- Data supplied:
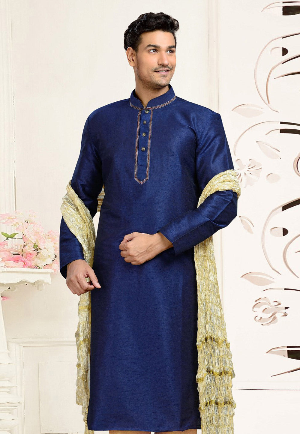 Navy Blue Dupion Silk Kurta Pajama
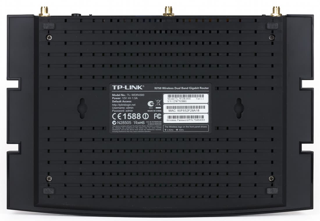 Для TL-WDR4300 была выбрана платформа Qualcomm/Atheros: центральный процессор AR9344 (MIPS 74Kc, 560 МГц, имеет встроенный контроллер Wi-Fi на 2,4 ГГц с поддержкой режима 2T2R до 300 Мбит/с), второй радиоблок AR9580 для работы в диапазоне 5 ГГц (3T3R, до 450 Мбит/с) и гигабитный коммутатор AR8327 (поддержки Jumbo Frames в текущей версии прошивки нет). Объем оперативной памяти устройства составляет 128 МБ, а для прошивки установлено 8 МБ флэш-памяти. Дополнительно на плате можно обнаружить USB-хаб GL850G.
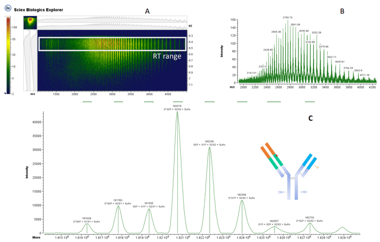 A comprehensive characterization was performed to fully evaluate the molecular integrity and composition of the tri-specific mAb. The molecule was analyzed in its glycosylated intact state. The raw data was inspected with an ion map (Figure 3A) and raw TOF MS spectra (Figure 3B), and the reconstructed spectra (Figure 3C) were analyzed using the theoretical mass information (Table 3).
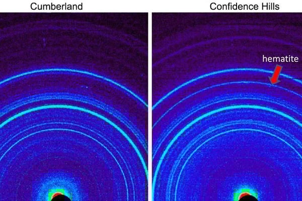 Und so sieht die Röntgen-Analyse dann aus. Links ist die Analyse einer Probe zu sehen, die Curiosity bereits 2013 in der Marsregion "Cumberland" nahm. Rechts sieht man die Analyse der neuen Bohrprobe aus der Region "Confidence Hills" am Mount Sharp. Der rote Pfeil weist auf den Ring, der das Mineral Hämatit (auch Blutstein oder Eisenglanz genannt) anzeigt. Hämatit kommt auch auf der Erde häufig vor. Es handelt sich um ein bestimmtes Eisen-Oxid, das in der anderen von Curiosity entnommenen Probe nicht vorhanden war. Hämatit gilt als ein Nachweis für Wasservorkommen auf dem Mars.
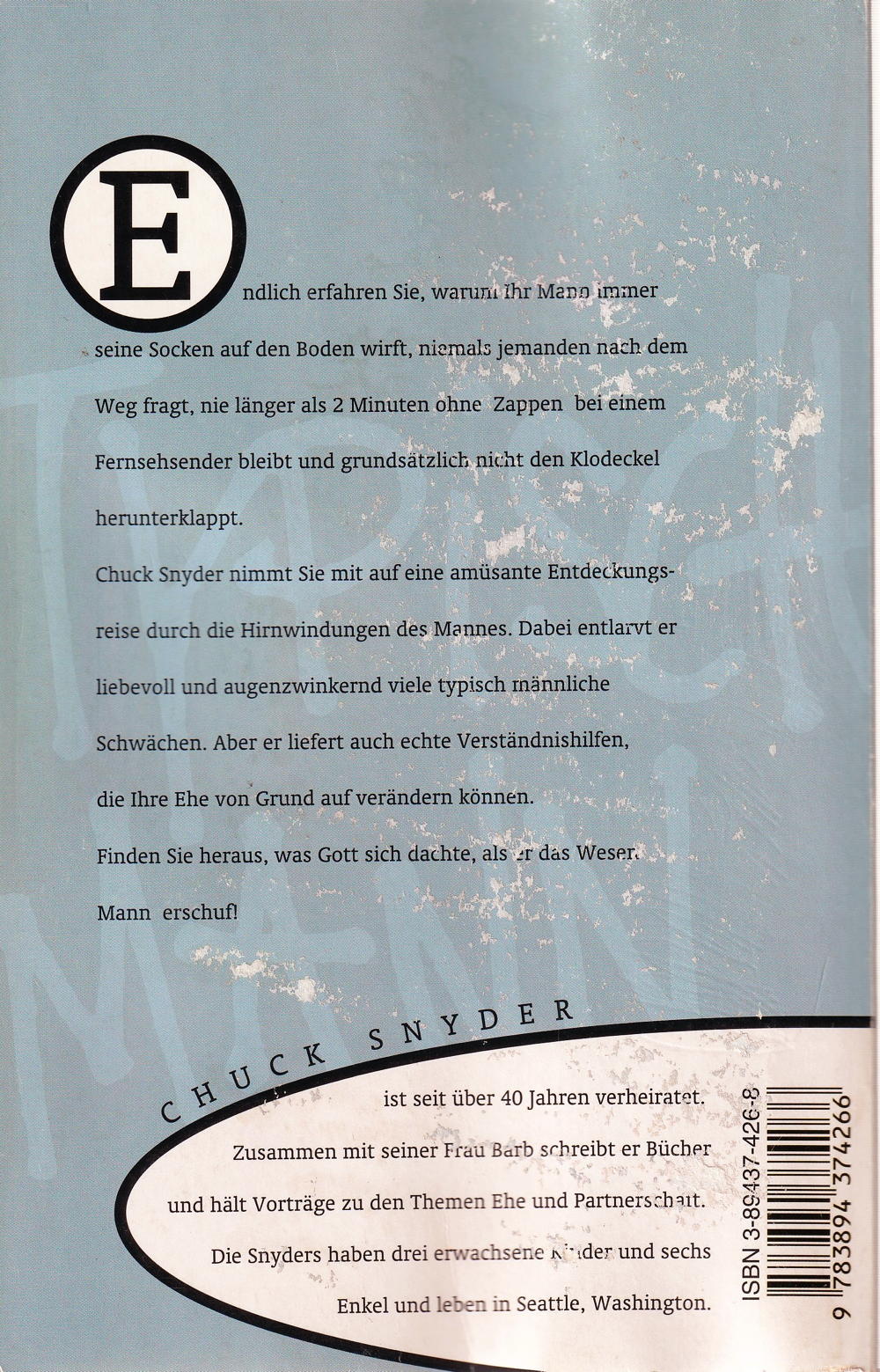Chuck Snyder nimmt Sie mit auf eine amüsante Entdeckungsreise durch die Hirnwindungen des Mannes. Dabei entlarvt er liebevoll und augenzwinkernd viele typisch männliche Schwächen. Aber er liefert auch echte Verständnishilfen, die Ihre Ehe von Grund auf verändern können.
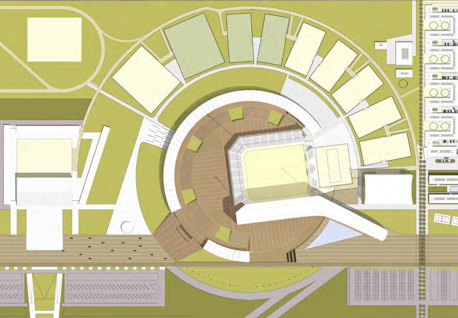 Le concept du futur complexe équestre emprunte son tracé géométrique à l’anneau olympique qu’une diagonale vient scinder en deux entités distinctes. Sa moitié occidentale concentre de façon rayonnante l’ensemble des équipements du programme réservésaux équipes et chevaux participant aux Jeux: clinique vétérinaire, écuries, manège, hébergementdes lads, locaux de services, aires d’entraînement et de stationnement. La seconde, à l’est, accueille le public depuis ses parkings paysagers par une avenue ornée de statues équestres qui distribue impérialement les tribunes des deux arènes. La plus petite de cellesci, préexistante, restaurée et destinée au dressage car plus intimiste, reçoit une voilure formant toiture et façade dont la silhouette réinterprète l’étalon cabré du pictogramme mandarin.
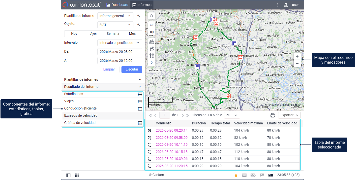 - Los informes pueden incluir los siguientes componentes: tablas, gráficas, estadísticas, un mapa con recorridos y marcadores de paradas, llenados de combustibles y otras acciones con la unidad señaladas en él.
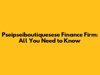 Pseipseiboutiquesese Finance Firm: All You Need To Know
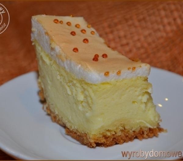 Bardzo delikatny w smaku i strukturze (nie jest zbity), a przy tym lekki, aromatyczny i niezbyt pracochłonny.Składniki:spód (placek):30 dkg mąki pszennej,10 dkg cukru,2 żółtka + 1 całe jajko,2 łyżeczki proszku do pieczenia,10 dkg margaryny (lub masła),1 łyżka smalcuMasa serowa:1 kg przemielonego sera twarogowego(może być gotowy z wiaderka),2 całe jajka+4 żółtka,1 szklanka cukru,2 szklanki zimnego mleka,0,5 szklanki oleju,1 budyń śmietankowy( najlepiej duży tzw. rodzinny),rodzynki, skórka cytrynowa, aromat (opcjonalnie i według uznania)Uwaga!! wszystkie pozostałe białka zachowujemy (będą potrzebne)Do dzieła:1. Zagniatamy ciasto na spód sernika. układamy w wyłożonej papierem do pieczenia formie (najlepiej na bokach lekko pozaginać ciasto).2. Miksujemy dokładnie wszystkie składniki masy serowej. W efekcie otrzymujemy lekko zagęszczone mleko . tak ma być i nie należy się przejmować, że jest za rzadkie.3. Masę serową wylewamy na surowy spód i całość wstawiamy do piekarnika nagrzanego do 190 stopni na 50 min.4. w międzyczasie ubijamy wszystkie pozostałe białka ze szklanką cukru na puszystą masę.5. Po upływie wspomnianych 50 min wylewamy ubite białka na masę serową i pieczemy jeszcze ok 10 min.(wierzch powinien się lekko zbrązowieć).6. Po tym czasie sernik jest już gotowy. Proponuję zostawić w formie do wystygnięcia, gdyż wtedy jest bardziej sztywny a na wierzchu pojawią się złociste krople rosy (jeśli pianę zapieczemy zbyt mocno, to kropelki nie powstaną).Tak czy inaczej sernik jest wart zachodu, tym bardziej, że nie jest zbyt pracochłonny i zawsze się udaje.
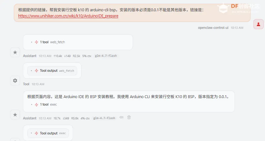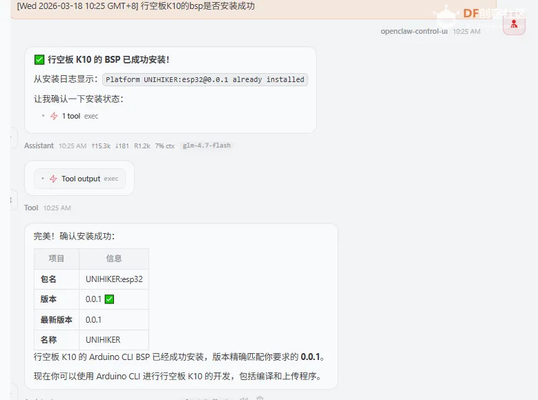在完成 Arduino CLI 安装后,下一步需要让 OpenClaw 安装行空板K10 的 BSP(板卡支持包),这里指定安装行空板K10的bsp版本为0.0.1。
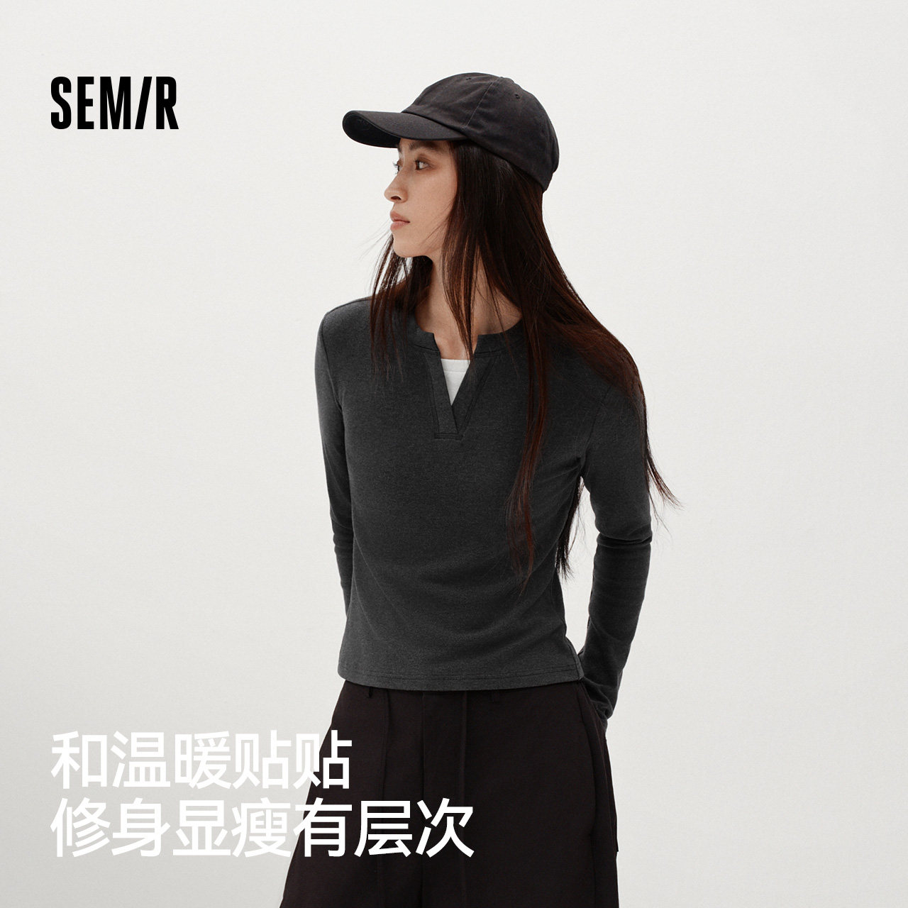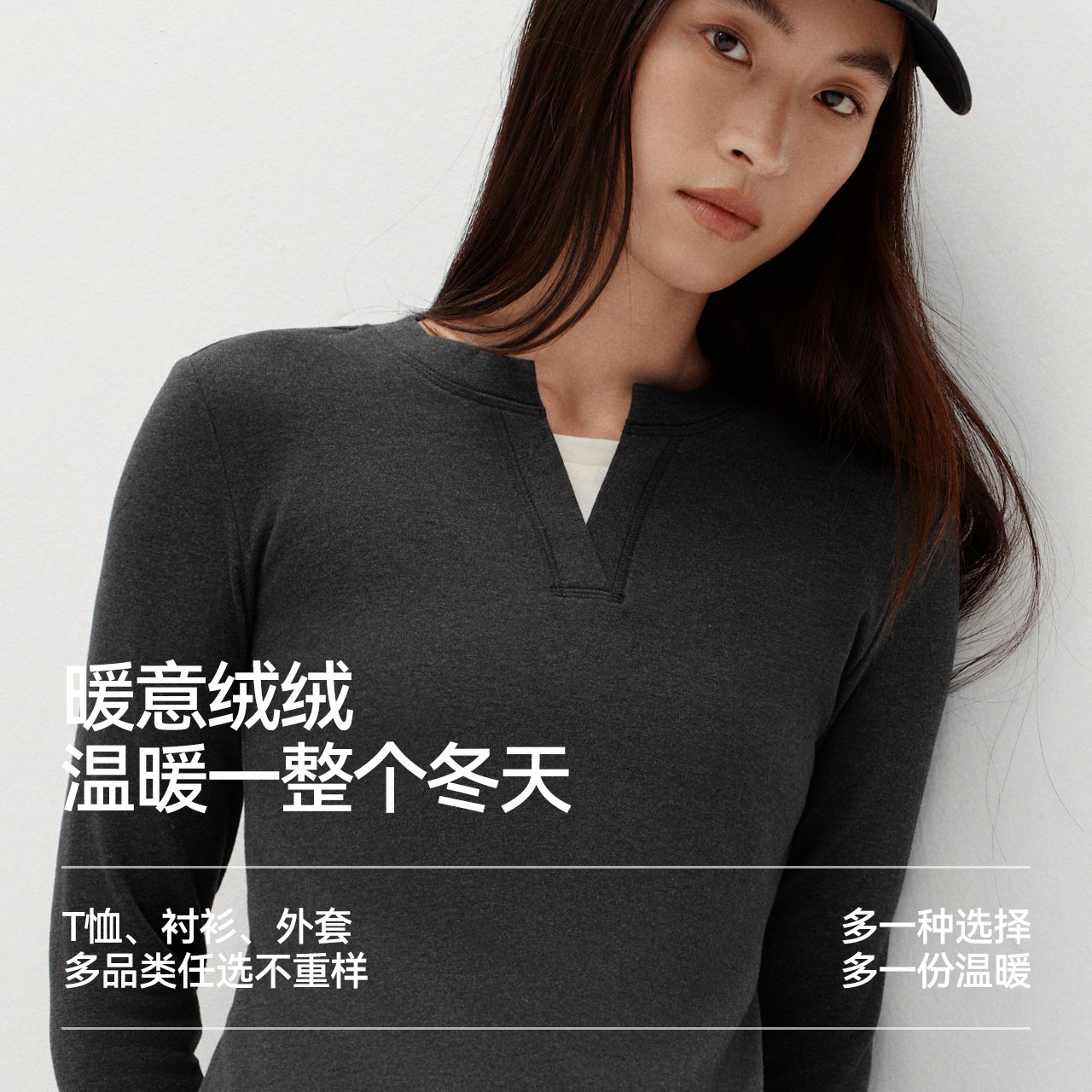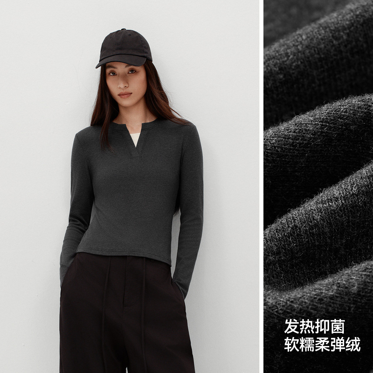 商场同款|森马长袖T恤女冬季发热抑菌抓绒修身假两件2025新款衣服

- What you should do:
Starting with the first line of the material above and ending with the line that holds "Для TL-WDR4300 была", write out those lines exactly, without pictures.

- Task output:
 Navy Blue Dupion Silk Kurta Pajama
 Для TL-WDR4300 была выбрана платформа Qualcomm/Atheros: центральный процессор AR9344 (MIPS 74Kc, 560 МГц, имеет встроенный контроллер Wi-Fi на 2,4 ГГц с поддержкой режима 2T2R до 300 Мбит/с), второй радиоблок AR9580 для работы в диапазоне 5 ГГц (3T3R, до 450 Мбит/с) и гигабитный коммутатор AR8327 (поддержки Jumbo Frames в текущей версии прошивки нет). Объем оперативной памяти устройства составляет 128 МБ, а для прошивки установлено 8 МБ флэш-памяти. Дополнительно на плате можно обнаружить USB-хаб GL850G.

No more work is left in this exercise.